What is an Analog-to-digital Converter

Analog-to-digital converters (ADCs) are used in electronic devices to convert analog signals into digital signals. 

BREAKING DOWN Analog-to-digital Converter

Analog-to-digital converters (ADCs) convert analog signals, continuous waves that can’t be read by computers, by changing the signal strength and frequency into a digital (binary) number. Digital-to-analog converters (DACs) run this process in reverse.

Computers are quite powerful calculators, but in order to run, they have to quantify inputs into distinct numerical units, collectively called data. Inputs from the natural world are not quantified, so older methods of capturing information from the natural world copied them as analogies onto other media, like sound waves that were etched onto vinyl to make long-playing records, better known as LPs.

In order to digitize analog inputs so computers can read them, ADCs sample the analog input and calculate a numerical value for different states at various times. The quality of an ADC depends on its maximum rate of sampling and how it normalizes errors, as well as the dynamic range of inputs it can reproduce. ADCs are used in many specialized and commercial products including adaptors for television and radio technology, wireless technology for headphones, laptops, and so on, streaming services, musical recordings and medical imaging.

Both analog-to-digital and digital-to-analog converters offer examples of enabling technology.

Analog-to-Digital Converters for Investors

With technology offering ever-present opportunities to move old models into new, digital terrain, there are opportunities for investors in analog-to-digital converter market. This is evidenced by market research company interest, such as Zion Market Research, who in 2016 released a report on the analog-to-digital converter market called “Analog To Digital Converter Market: Global Industry Analysis, Size, Share, Growth, Trends, and Forecasts 2016–2024.”

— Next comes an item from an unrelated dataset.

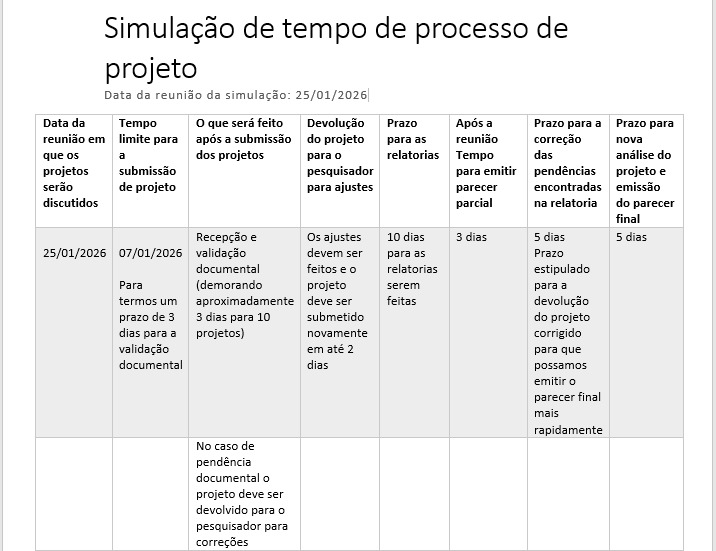 A tabela abaixo apresenta uma simulação dos prazos estimados para cada etapa do processo de submissão e avaliação de projetos pelo CEPDocumentos Obrigatórios para a Submissão de Projetos de Pesquisa na Plataforma Brasil/UNIGOYAZES

The global analog-to-digital converters market is segmented. These segments are based on region and product. Product segments include direct conversion, or flash, ADC; integrating, or dual-slope or multi-slope, ADC; pipelined ADC; ramp-compare ADC, sigma-delta ADC, successive-approximation ADC and others. These segments are found in both industrial and consumer markets.

Companies that produce and make use of analog-to-digital converters include Texas Instruments, Intersil, Sony Corporation, Maxim Integrated, Adafruit Industries, and Analog Devices.

Major Players in the ADC Market

Analog Devices, headquartered in MA, is a multinational semiconductor company specializing in data conversion and signal processing technology. The company claims to have the industry’s largest portfolio of digital to analog converters (DACs), which range from 8 bits to 24 bits. Their products are used in industrial automation, programmable logic controllers, optical transceivers, and data acquisition.

Texas Instruments is a global Fortune 500 company that entered the semiconductor business in 1958 after the invention of the integrated circuit. They began working with digital signal processors in the 1980s. They offer high-precision discrete DACs, integrated precision ADCs and DACs, and 4-20mA and HART-enabled devices.